- **Task directions**
Your answer must be the exact lines of the listing below that run from the line with "где У исследуемый" to the line with "М'яка іграшка нічник", ends included, and no pictures.

- **Recorded information**
^^^^

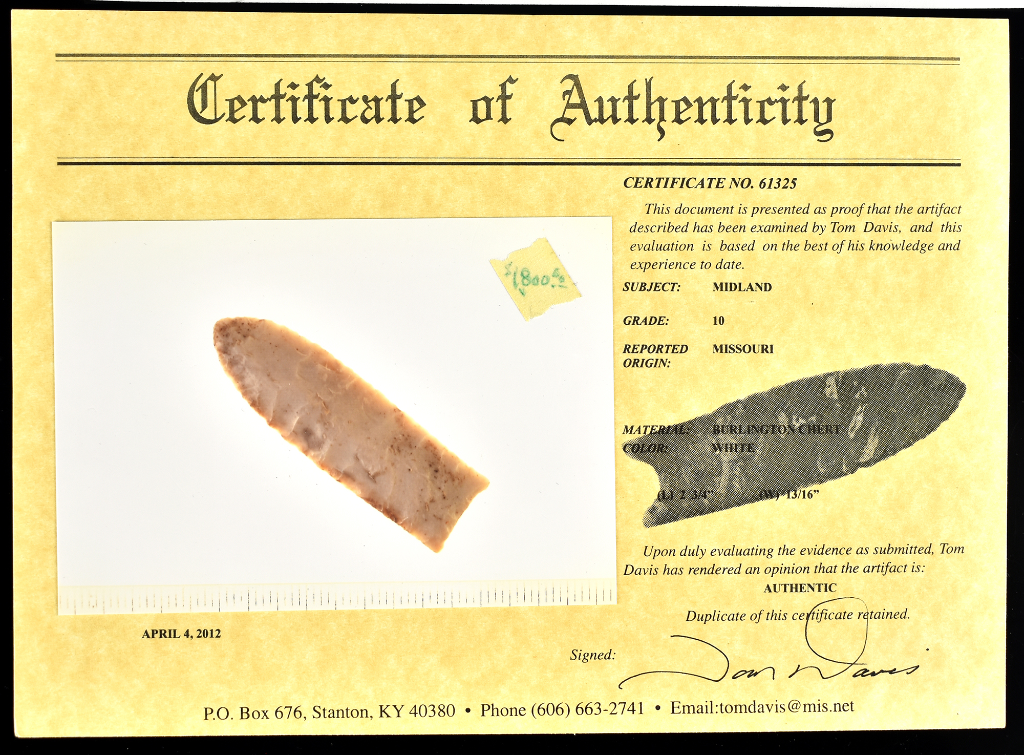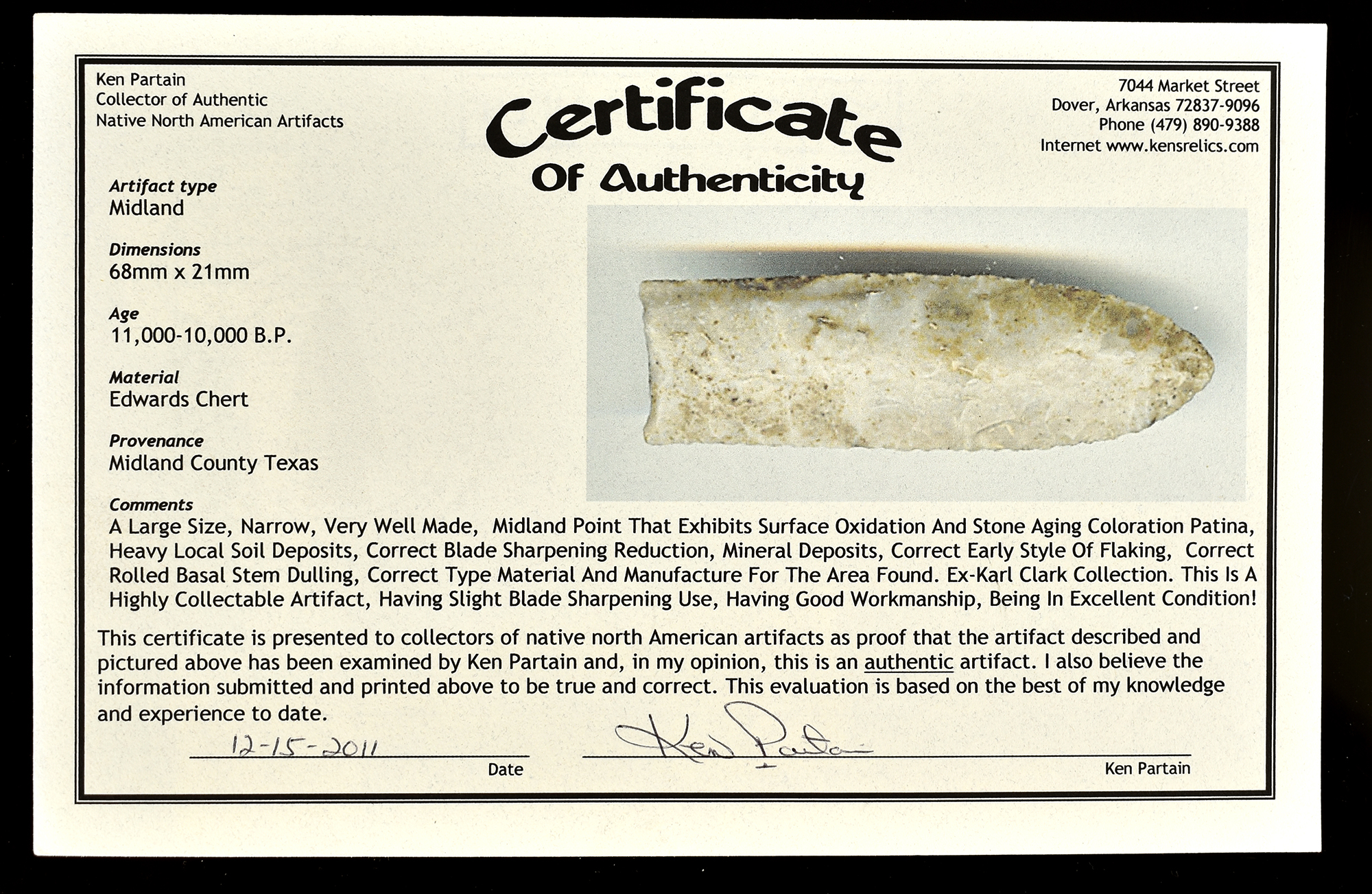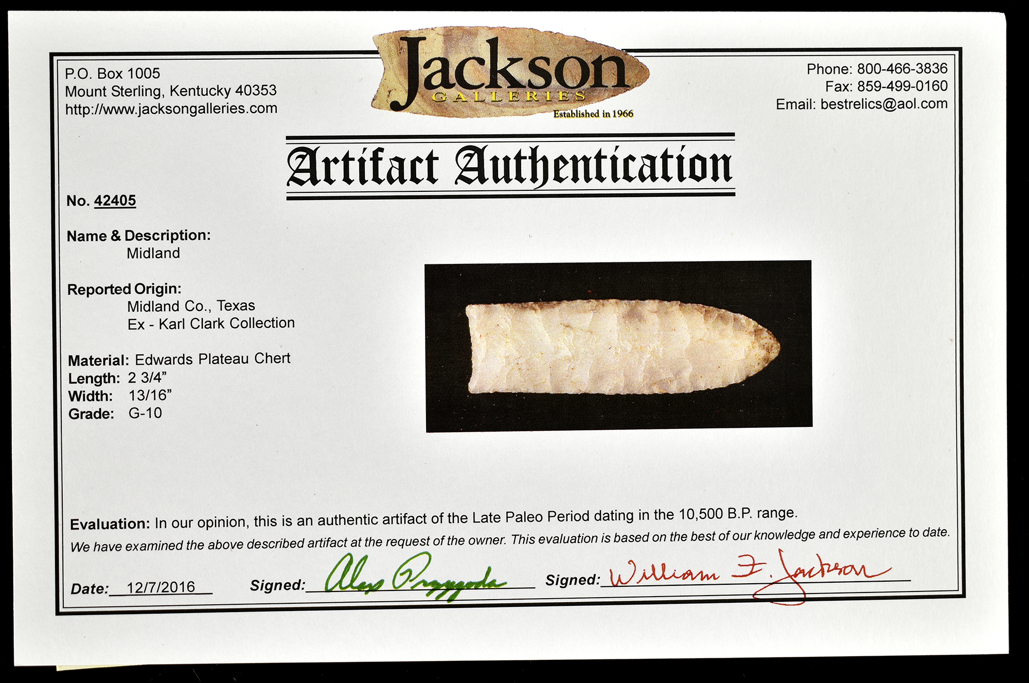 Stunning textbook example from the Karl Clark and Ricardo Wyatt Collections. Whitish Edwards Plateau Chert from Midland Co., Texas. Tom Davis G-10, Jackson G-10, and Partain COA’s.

^^^^

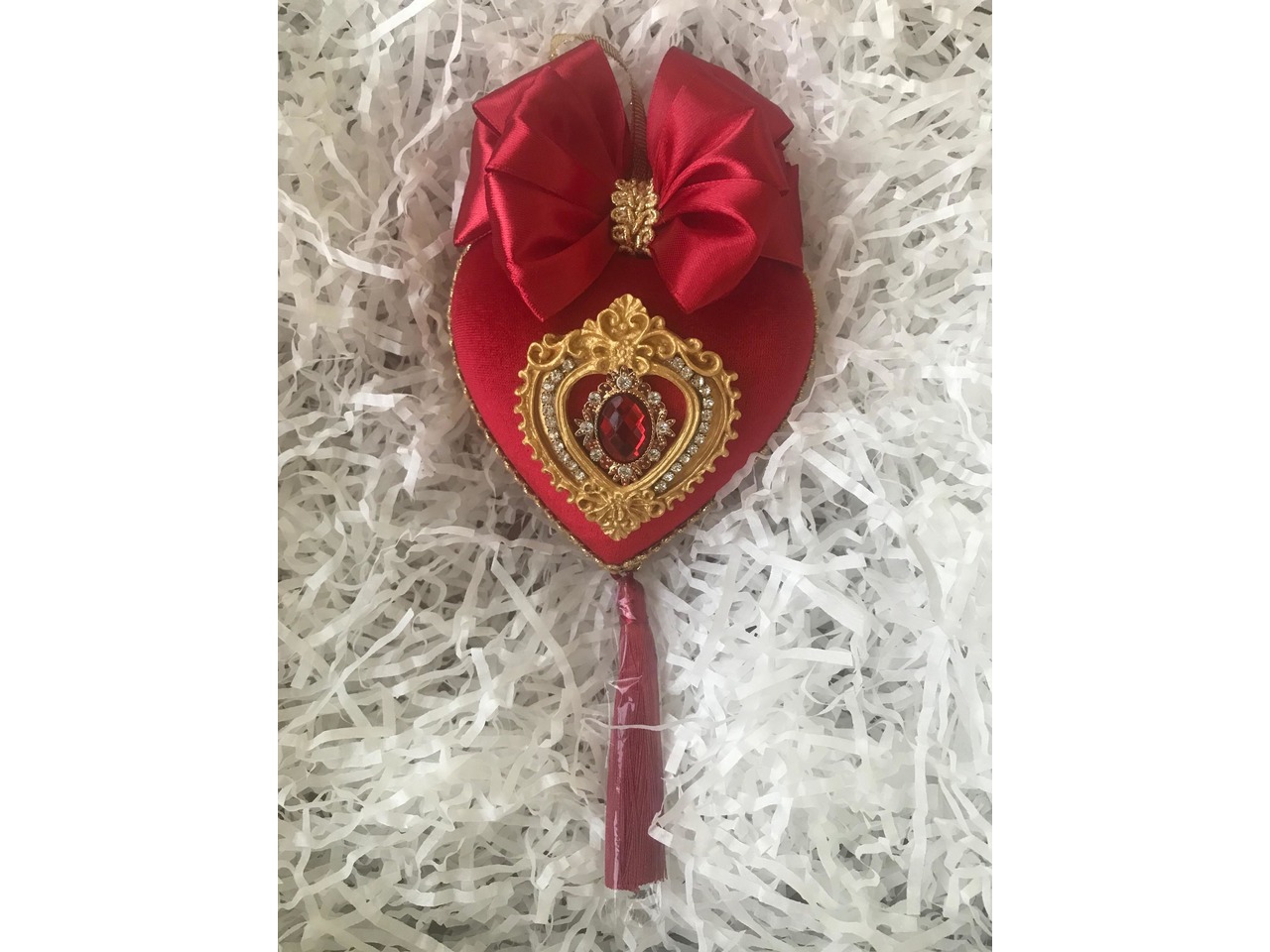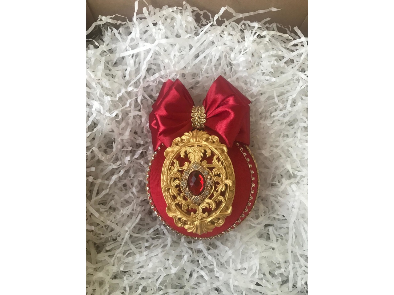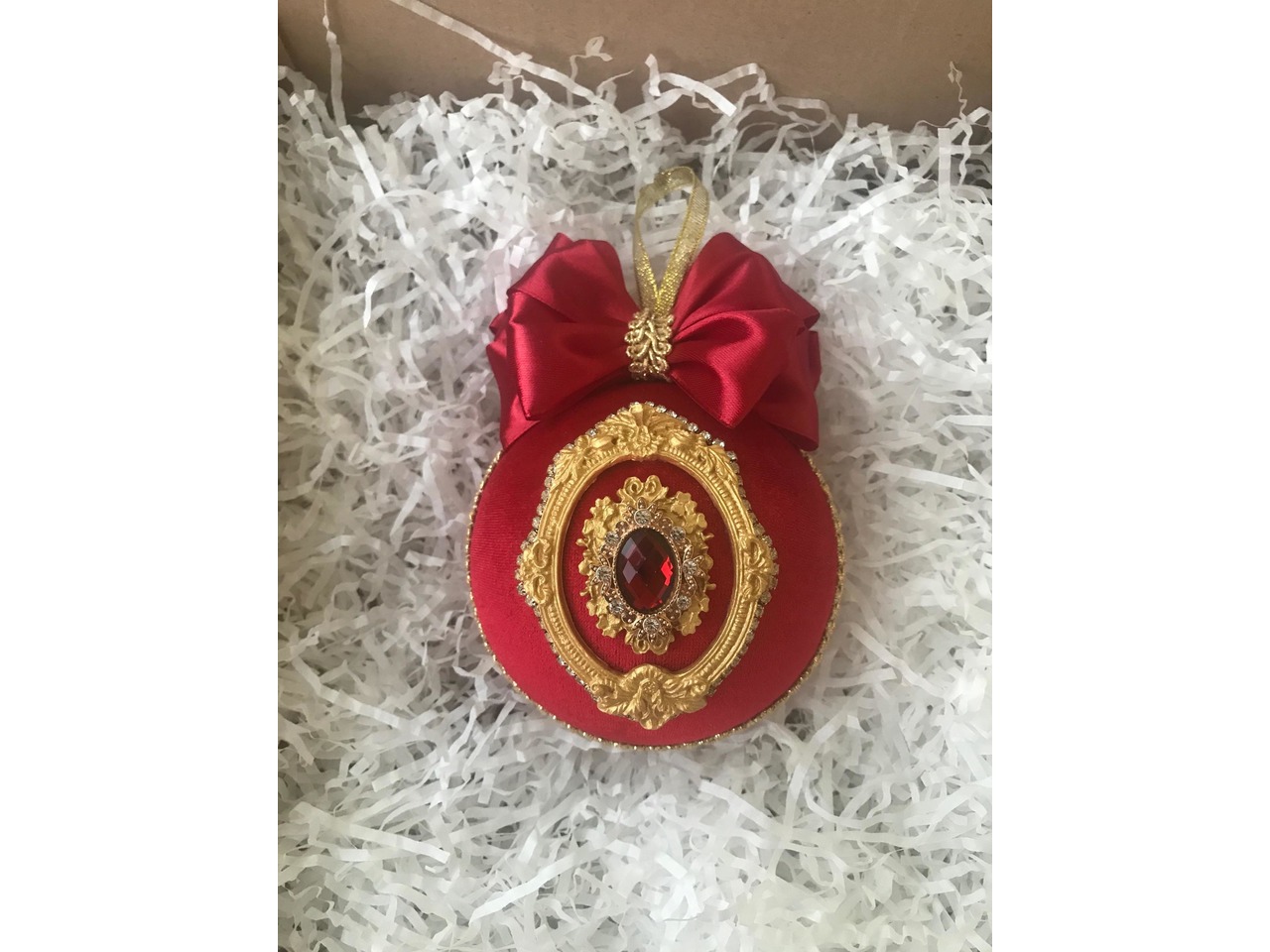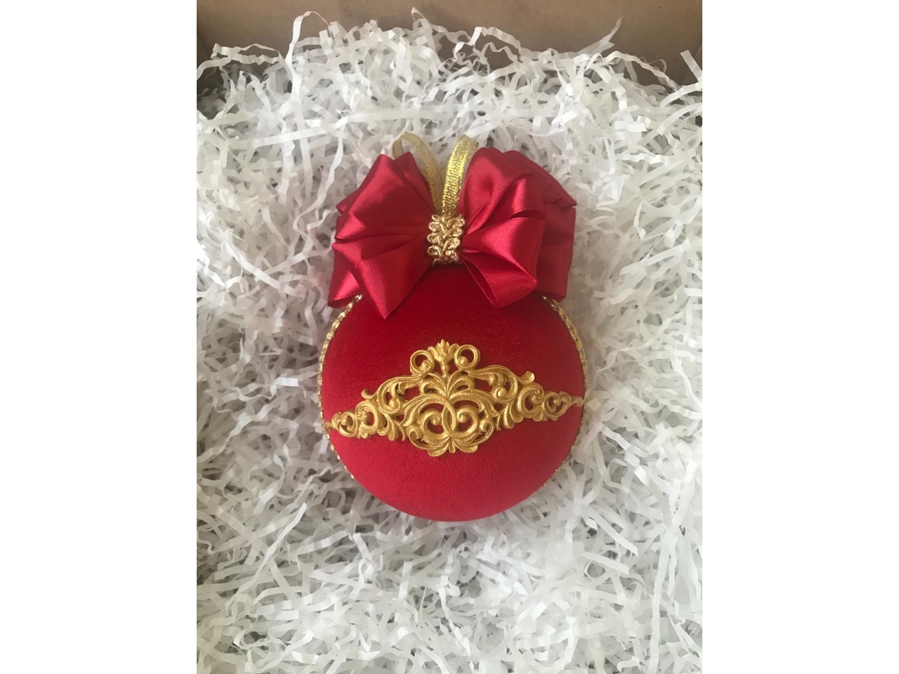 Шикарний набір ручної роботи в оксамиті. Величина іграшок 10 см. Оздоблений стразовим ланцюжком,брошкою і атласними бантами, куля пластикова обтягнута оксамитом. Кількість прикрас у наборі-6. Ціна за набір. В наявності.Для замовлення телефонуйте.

^^^^

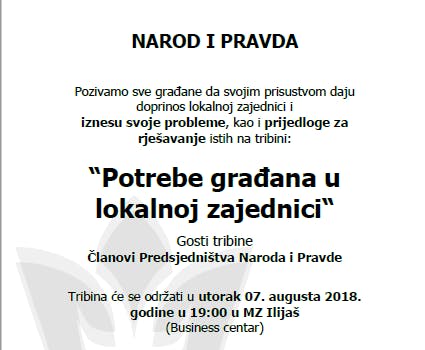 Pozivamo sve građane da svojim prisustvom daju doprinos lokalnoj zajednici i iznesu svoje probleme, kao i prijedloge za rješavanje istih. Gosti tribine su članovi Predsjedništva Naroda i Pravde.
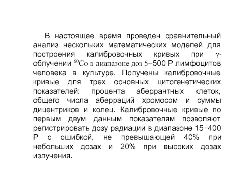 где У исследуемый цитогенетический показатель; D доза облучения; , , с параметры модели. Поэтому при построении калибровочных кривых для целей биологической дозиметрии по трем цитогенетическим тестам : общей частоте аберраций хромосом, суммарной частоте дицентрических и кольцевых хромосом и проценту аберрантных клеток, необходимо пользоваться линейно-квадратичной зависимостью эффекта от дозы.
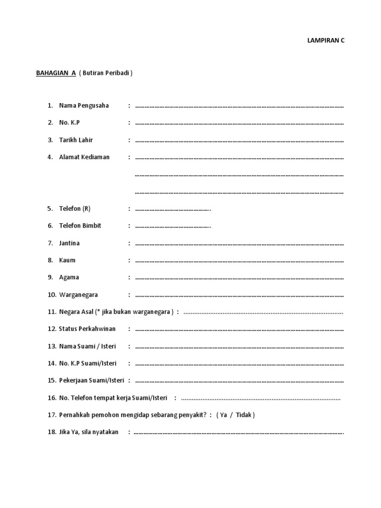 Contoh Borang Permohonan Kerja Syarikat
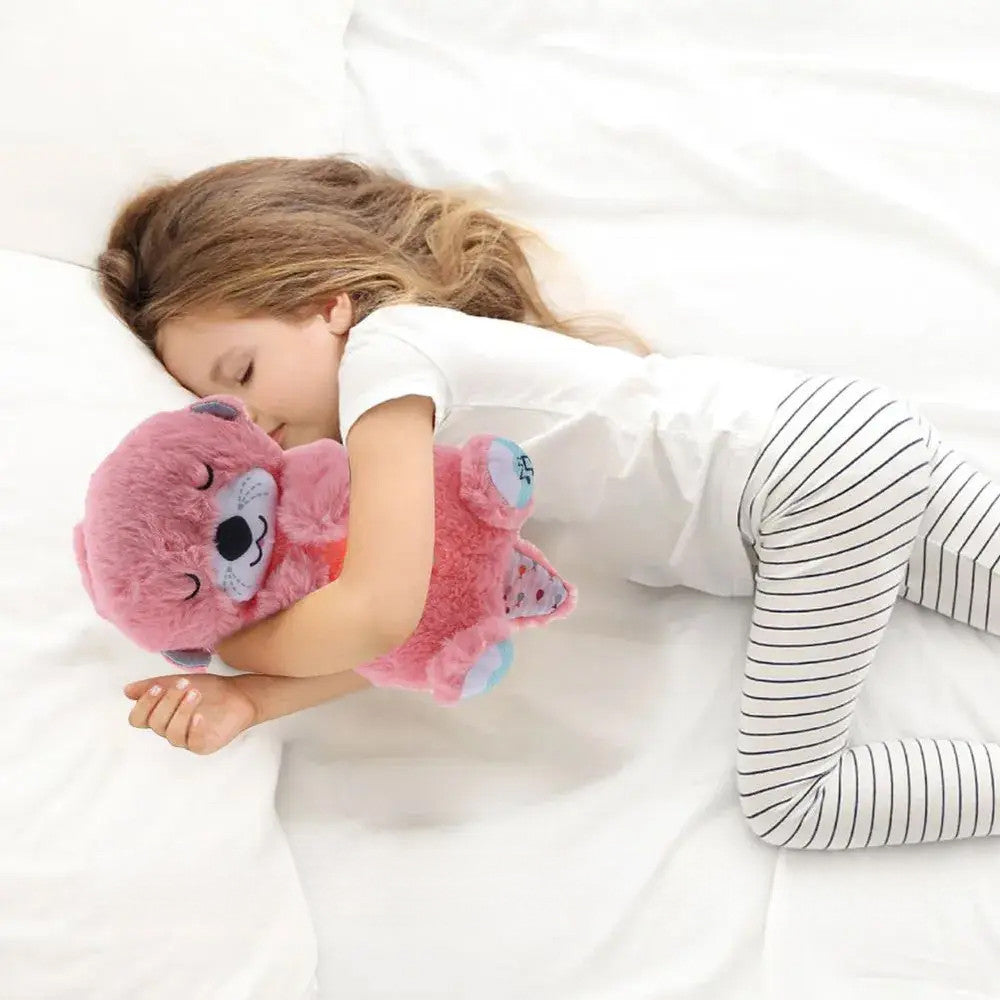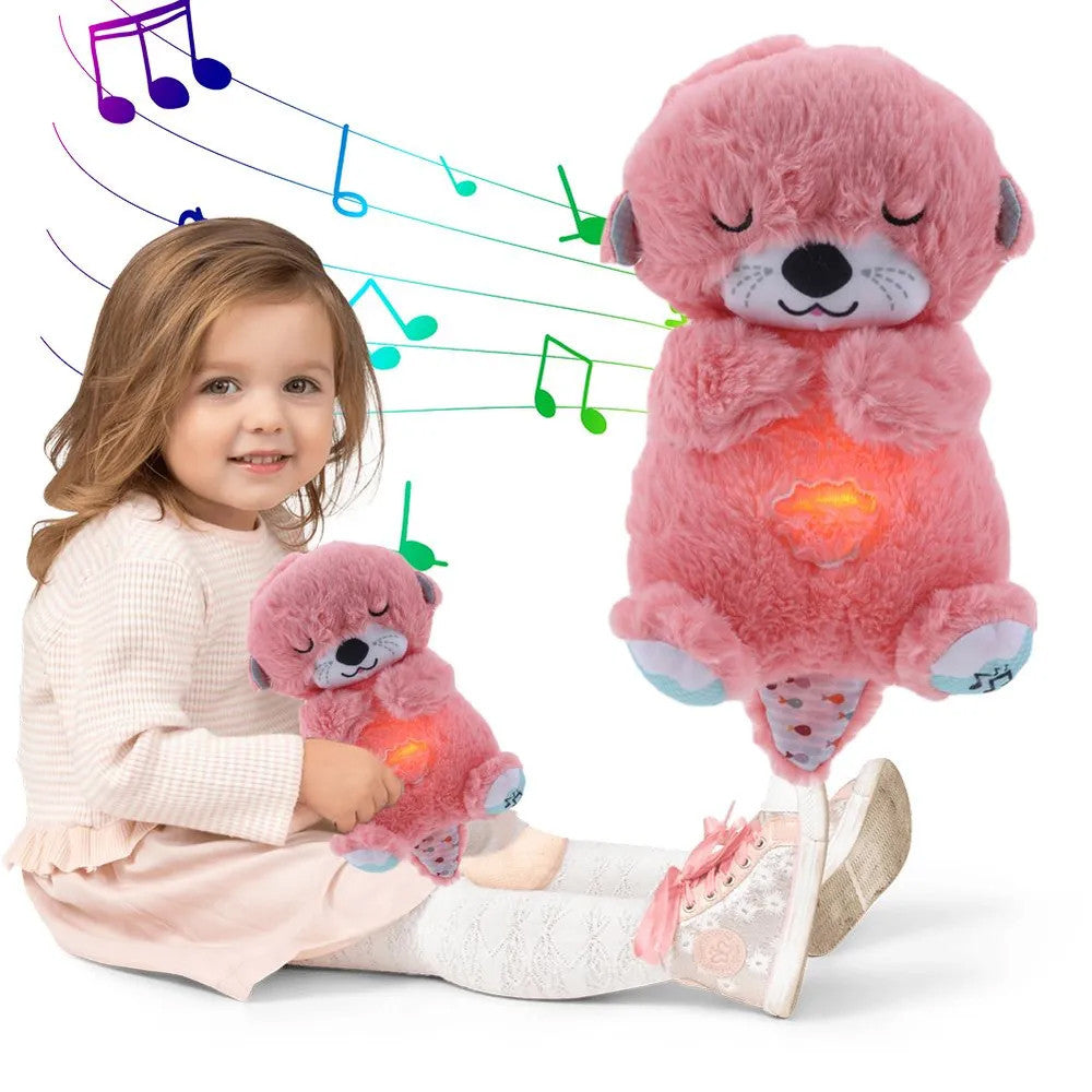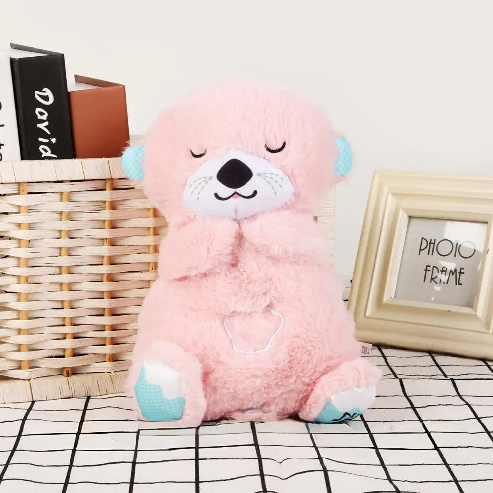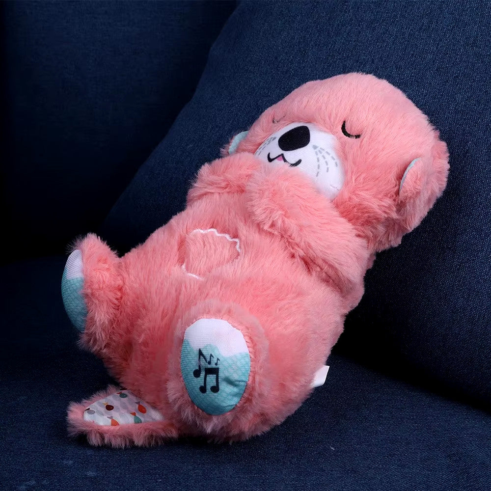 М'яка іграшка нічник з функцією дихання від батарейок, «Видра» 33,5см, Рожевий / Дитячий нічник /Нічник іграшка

^^^^

- **Expected answer**
 где У исследуемый цитогенетический показатель; D доза облучения; , , с параметры модели. Поэтому при построении калибровочных кривых для целей биологической дозиметрии по трем цитогенетическим тестам : общей частоте аберраций хромосом, суммарной частоте дицентрических и кольцевых хромосом и проценту аберрантных клеток, необходимо пользоваться линейно-квадратичной зависимостью эффекта от дозы.
 Contoh Borang Permohonan Kerja Syarikat
 М'яка іграшка нічник з функцією дихання від батарейок, «Видра» 33,5см, Рожевий / Дитячий нічник /Нічник іграшка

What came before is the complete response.